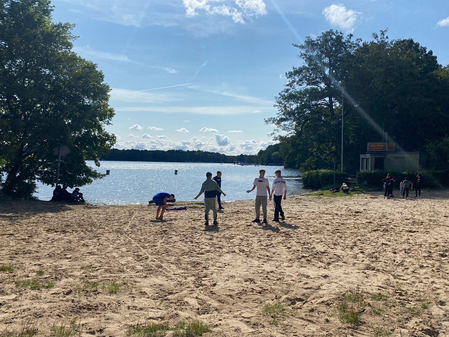 Wir sind mit der Klasse Blau 3 von der Schule durch den Spandauer Forst bis zur Bürgerablage gewandert. Wir kamen an einem Moorgebiet vorbei, das sehr malerisch war und liefen an den Bohlen der alten Gleise des stillgelegten Teilstücks der havelländischen Bahn entlang. An dem Sandstrand bei der Bürgerablage konnten wir dann picknicken, verschiedene Ballspiele spielen und Seilspringen. Bei sonnigem Wetter hatte die Klasse viel Spaß.
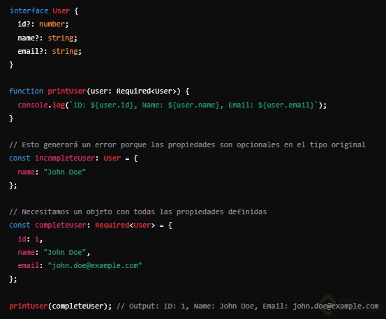Hemos empleado Required para hacer que todas las propiedades de User sean obligatorias. Por lo tanto, el nuevo tipo RequiredUser tiene las propiedades id, name, email y phoneNumber, pero todas ellas son obligatorias.
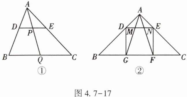 (2)如图4.7-17②,在△ABC中,∠BAC=90°,正方形DEFG的四个顶点在△ABC的边上,连接AG,AF分别交DE于M,N两点。
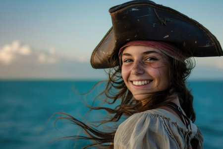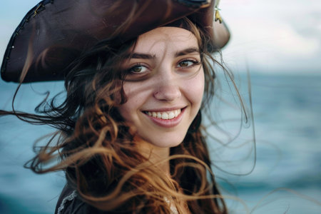 A young, smiling woman pirate in a hat, against an ocean backdrop, with windswept hair

========================

Work instruction
Write out the listing above exactly as it stands, pictures excluded.

Expected output
 Wir sind mit der Klasse Blau 3 von der Schule durch den Spandauer Forst bis zur Bürgerablage gewandert. Wir kamen an einem Moorgebiet vorbei, das sehr malerisch war und liefen an den Bohlen der alten Gleise des stillgelegten Teilstücks der havelländischen Bahn entlang. An dem Sandstrand bei der Bürgerablage konnten wir dann picknicken, verschiedene Ballspiele spielen und Seilspringen. Bei sonnigem Wetter hatte die Klasse viel Spaß.
Hemos empleado Required para hacer que todas las propiedades de User sean obligatorias. Por lo tanto, el nuevo tipo RequiredUser tiene las propiedades id, name, email y phoneNumber, pero todas ellas son obligatorias.
 (2)如图4.7-17②,在△ABC中,∠BAC=90°,正方形DEFG的四个顶点在△ABC的边上,连接AG,AF分别交DE于M,N两点。
 A young, smiling woman pirate in a hat, against an ocean backdrop, with windswept hair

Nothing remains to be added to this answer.